> _Exercise details_
Output, exactly as written, the lines below starting at the line containing "Citofono serie Mini" and ending at the line containing "Clock House No.". Drop the pictures and keep both end lines.

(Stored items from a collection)
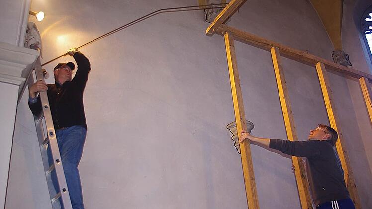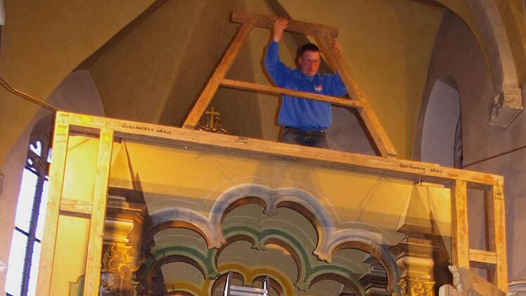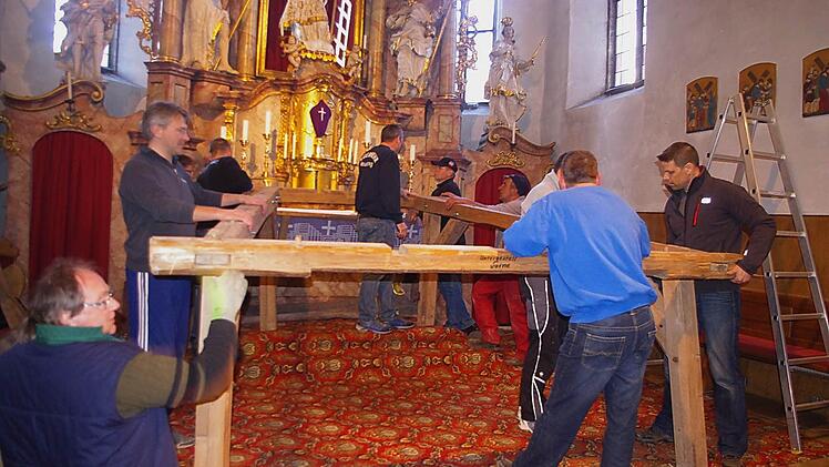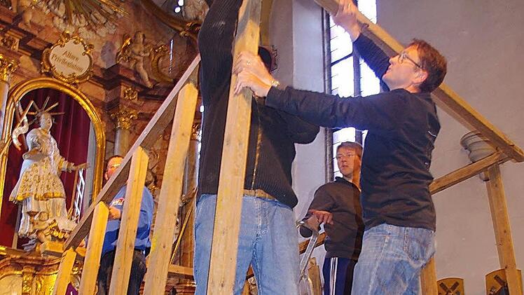 Die weitgehend beschrifteten und sortierten Einzelteile werden das Jahr über oberhalb der alten Sakristei gelagert. Nun warten sie - abgestellt im Gotteshaus - auf ihren "Einsatz". Die Männer bauen das Untergestell auf. Die Arbeit geht ihnen schnell von der Hand. Man merkt, dass sie Erfahrung darin haben und wissen, welches Bauteil wohin gehört. "Viele von ihnen sind Jahr für Jahr dabei. Es kommt halt darauf an, wie es zeitlich oder beruflich hinhaut. Aber diejenigen, die Zeit haben, kommen gerne", ist sich Kirchenpfleger Thomas Reißig sicher.
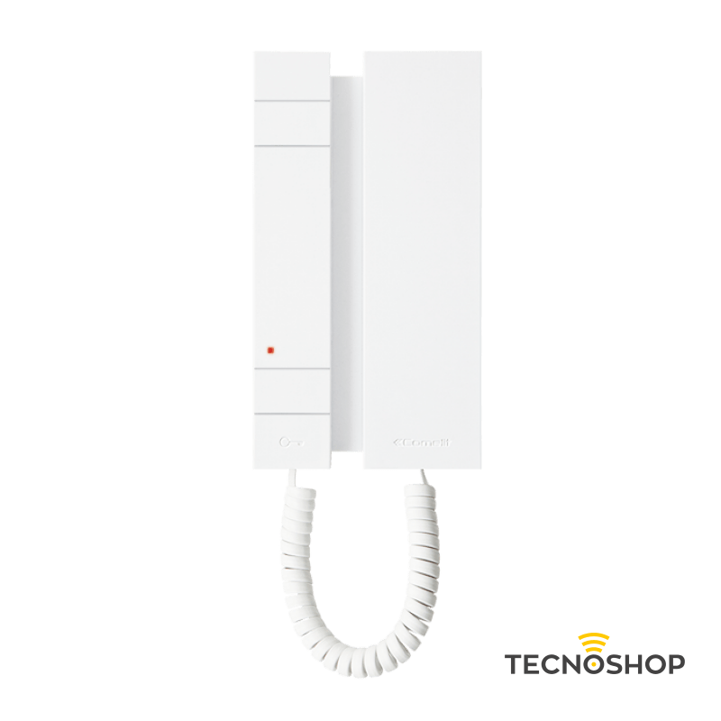 Citofono serie Mini con cornetta per sistemi audio Simplebus 2. E’ dotato di pulsante apriporta, pulsante per servizi aggiuntivi come ad esempio, chiamate verso il centralino di portineria…, regolazione del volume di chiamata, modalità Silenzioso (Privacy) e di ingresso per la chiamata al piano.
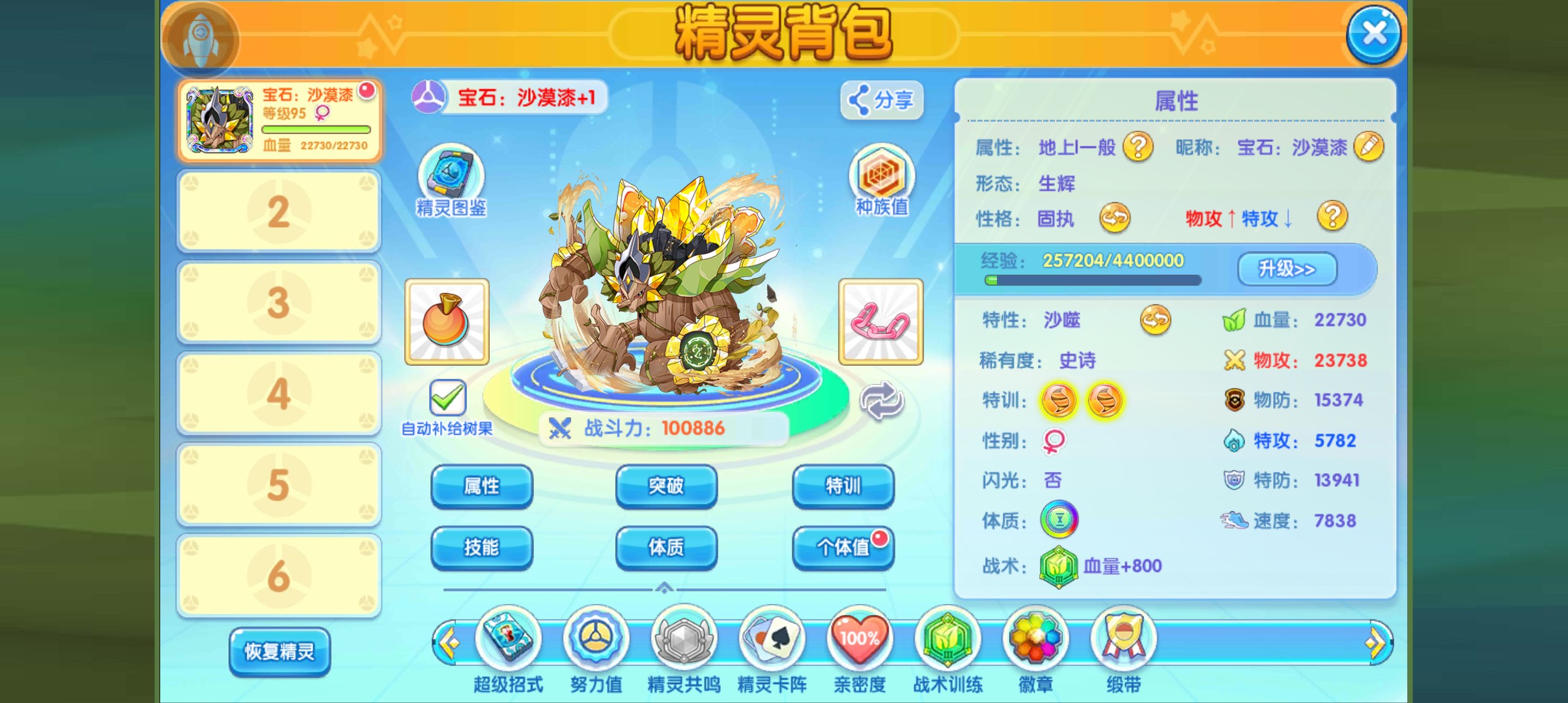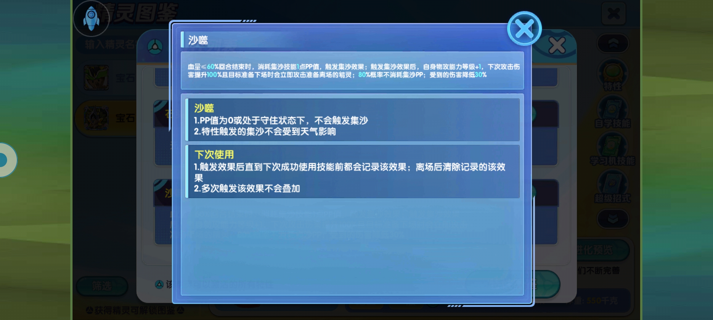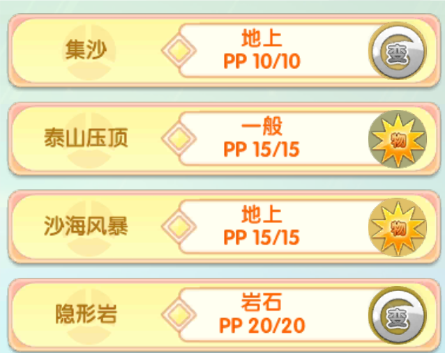 首先,核心技能在正式服上线的时候有一个漏洞,就是精灵现在已经可以在图鉴上面查到了,但是核心技能集沙还没有正式实装,没有这个技能的话,那这个特性将毫无用处,不过后续这个bug肯定会被修复的,请各位玩家别担心,这个技能是核心技能,主要作用就是回血和触发特性所以这个技能我就不多浪费口舌了,讲一下剩余的技能,首先一般属性输出技能,我是带了这个泰山压顶,因为这个技能它还有麻痹概率还是挺不错的,地上技能的话,我这边用的是这个沙海风暴,有必要的话,还是使用保护冲撞更好,因为那个技能还可以让自身增加防御能力,最后一个技能的话,可以像我一样使用障碍物,满地星和隐形岩,也可以考虑状态,比如说猛毒素这些,如果使用咒语的话那更好,因为使用咒语会让自身获得攻击加一和伤害翻倍的效果,因为使用咒语的那一个回合,自身会立马触发回血所以说这个精灵的玩法和之前的椰蛋树一样,可以考虑带咒语,咒语这个技能配这个精灵可以说是完美呀,不仅可以让对方不能够持续赖在场上,还可以让自身获得buff但是缺点就是道具方面的话就不要使用这个生命结晶了,而是使用这个回血的道具,因为对方的伤害一旦超过自身最大血量的50%,自身使用者咒语就当场濒死了,所以说有些时候不要先扔咒语,而是要观察自身能不能承受得住对方的伤害再说。
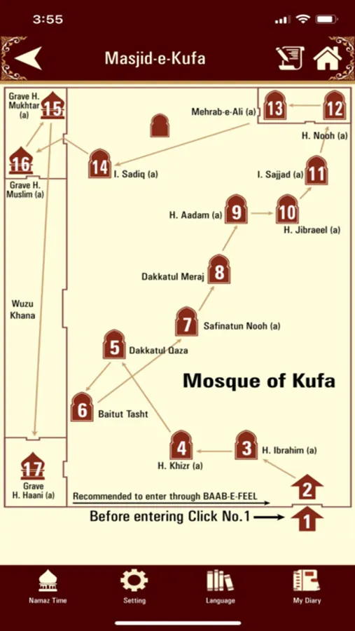 Interactive maps for Masjid-e-Kufa, Masjid-e-Sahla, etc.
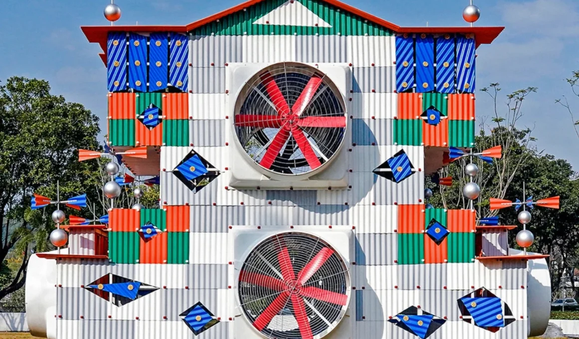 Clock House No. 2 revisite cet échange historique à travers un prisme contemporain. Au lieu d’utiliser des engrenages en laiton et des ressorts délicats, le studio a opté pour des composants industriels à faible coût. La structure évoque les façades superposées et les toits carrelés typiques des habitations quotidiennes de la province du Guangdong, mêlant l’architecture vernaculaire locale avec la logique ornementale des horloges automates historiques. Le résultat est à la fois familier et étranger.
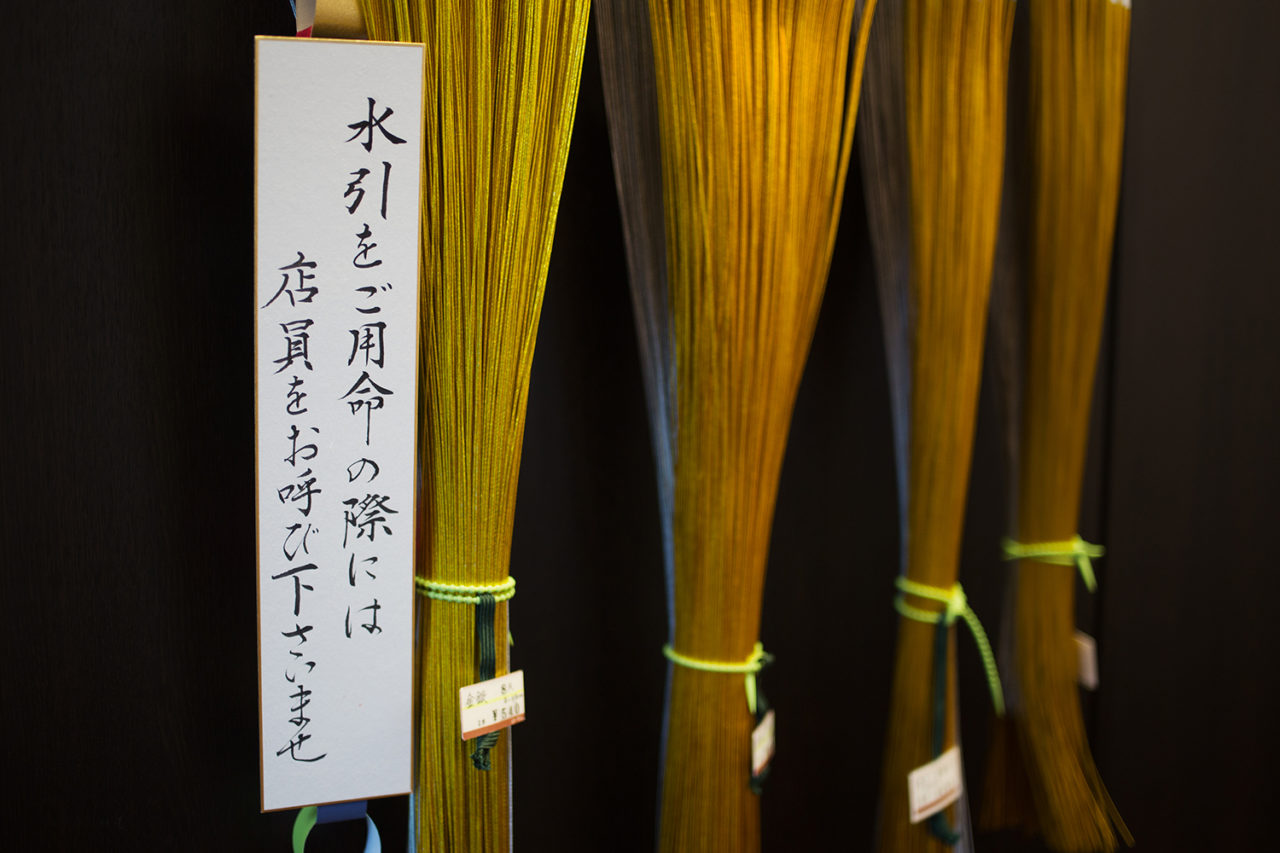 Currently, Haibara is run by Mr. Tatsuo Nakamura, the seventh generation head who is responsible for the management of the company. He has continued on his efforts to go back to basics and this include the revival of the original patterns of Haibara. In 2016, their flagship shop in Nihonbashi won the Good Design Award. In the shop they tie “Mizuhiki” or put “Noshi” on gifts according to the occasion, conveying the courtesy and manners of Japan. Haibara continues to propose “living with Japanese paper” to their customers.

> _Task response_
 Citofono serie Mini con cornetta per sistemi audio Simplebus 2. E’ dotato di pulsante apriporta, pulsante per servizi aggiuntivi come ad esempio, chiamate verso il centralino di portineria…, regolazione del volume di chiamata, modalità Silenzioso (Privacy) e di ingresso per la chiamata al piano.
 首先,核心技能在正式服上线的时候有一个漏洞,就是精灵现在已经可以在图鉴上面查到了,但是核心技能集沙还没有正式实装,没有这个技能的话,那这个特性将毫无用处,不过后续这个bug肯定会被修复的,请各位玩家别担心,这个技能是核心技能,主要作用就是回血和触发特性所以这个技能我就不多浪费口舌了,讲一下剩余的技能,首先一般属性输出技能,我是带了这个泰山压顶,因为这个技能它还有麻痹概率还是挺不错的,地上技能的话,我这边用的是这个沙海风暴,有必要的话,还是使用保护冲撞更好,因为那个技能还可以让自身增加防御能力,最后一个技能的话,可以像我一样使用障碍物,满地星和隐形岩,也可以考虑状态,比如说猛毒素这些,如果使用咒语的话那更好,因为使用咒语会让自身获得攻击加一和伤害翻倍的效果,因为使用咒语的那一个回合,自身会立马触发回血所以说这个精灵的玩法和之前的椰蛋树一样,可以考虑带咒语,咒语这个技能配这个精灵可以说是完美呀,不仅可以让对方不能够持续赖在场上,还可以让自身获得buff但是缺点就是道具方面的话就不要使用这个生命结晶了,而是使用这个回血的道具,因为对方的伤害一旦超过自身最大血量的50%,自身使用者咒语就当场濒死了,所以说有些时候不要先扔咒语,而是要观察自身能不能承受得住对方的伤害再说。
 Interactive maps for Masjid-e-Kufa, Masjid-e-Sahla, etc.
 Clock House No. 2 revisite cet échange historique à travers un prisme contemporain. Au lieu d’utiliser des engrenages en laiton et des ressorts délicats, le studio a opté pour des composants industriels à faible coût. La structure évoque les façades superposées et les toits carrelés typiques des habitations quotidiennes de la province du Guangdong, mêlant l’architecture vernaculaire locale avec la logique ornementale des horloges automates historiques. Le résultat est à la fois familier et étranger.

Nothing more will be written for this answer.